Tem dias que acorda tão ela mesma, que se assusta consigo. Levanta arrastada, forçando o pensamento a ser positivo e expulsando a preguiça que corre nas veias. A primeira pessoa que vê, ao acordar, é ela. Encara-se num espelho de dois metros de altura: rosto amassado, cheiro de sono, pele limpinha. Pés de galinha quando os olhos sorriem. Pijama. Amanhece mais dentro de si: sendo o que for, amando como quer, vivendo como deseja – sem o ensejo de querer agradar ninguém, salvo à si.

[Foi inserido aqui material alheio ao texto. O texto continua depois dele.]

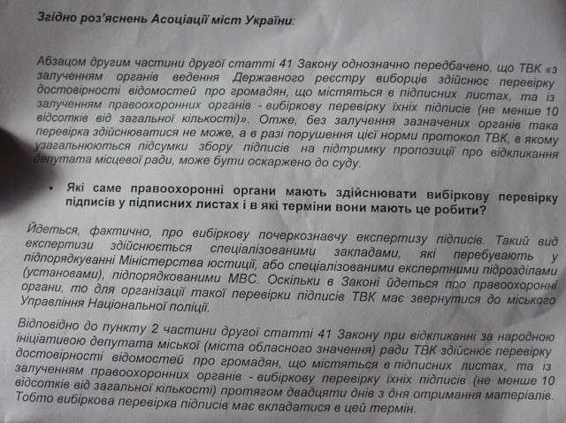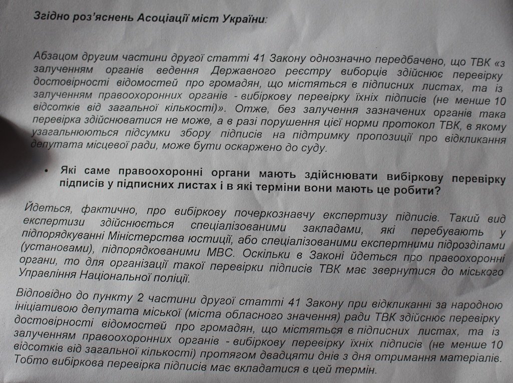 Також вона показала присутнім роз’яснення Асоціації міст України, де теж пропонують використовувати почеркознавчу експертизу як ефективний та законний спосіб перевірки.ЧИТАТИ ЩЕ: ПРОКУРАТУРА РОЗСЛІДУЄ СПРОБУ ВІДКЛИКАННЯ ЛУЦЬКИХ ДЕПУТАТІВ

É um tanto raro isso: acordar com olhos sorrindo.
Dança enquanto a rotina desenrola. Arruma seus fios de cabelo, emoldurando-lhe a face. Pinta o rosto, sem querer se esconder de ninguém: a cor só ressalta os traços que o sono desenhou durante a noite. Não há corretivo que expulse os sonhos dos olhos. Não há máscara que esconda o que a noite esculpiu. Ela rodopia em frente ao espelho, feito bailarina descoordenada, sobre suas sapatilhas pretas. O azul tornou-se fiel companheiro de todos os dias. O relógio tiquetaqueia com a pressa de uma criança frente à um brinquedo muito colorido. O café esquenta o dia já quente. E ela sorri para si, vendo-a tão ela mesma, que se assusta consigo.

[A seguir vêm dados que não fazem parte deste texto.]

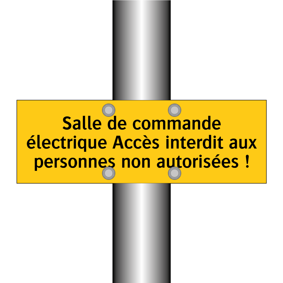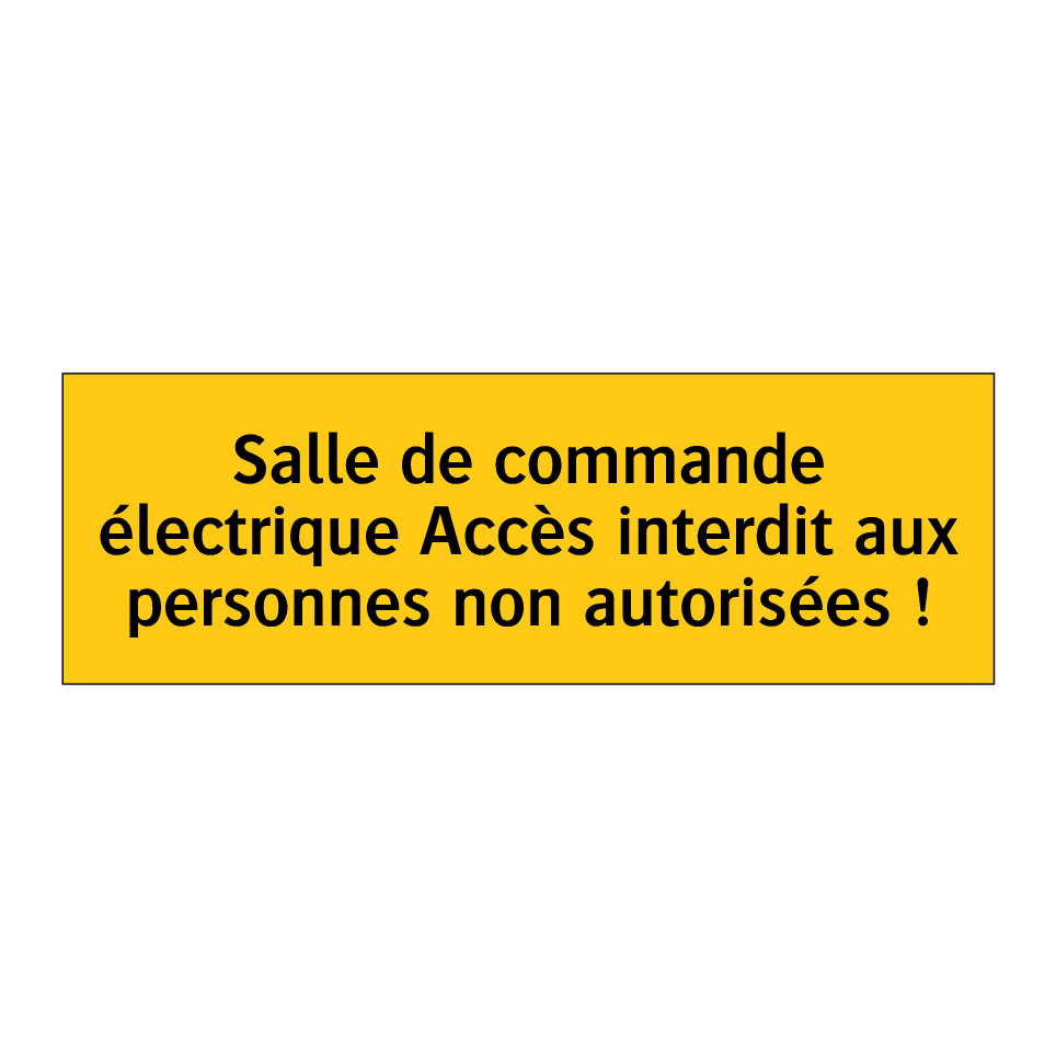 Panneau d'avertissement avec le texte : "Salle de commande électrique Accès interdit aux personnes non autorisées !"

Risca o asfalto, olhando a volta. Olhando em volta. Olhando o tudo e o nada. Atualiza-se dos assuntos banais. Alimenta o vício perante Candy Crush. Admira o motorista. Abre o quebra-sol e se olha, e se ajeita e pinta a boca de cor de rosa. E está tão ela mesma, que se assusta consigo. Está tão ela mesma, que tem o riso nos olhos. Está tão ela mesma, que o relógio não assusta. Tão sendo ela e só ela e do jeito dela, que o mundo e os estereótipos e a sociedade, pouco importam.
Ela acorda tão ela mesma, que se assusta consigo: e se basta.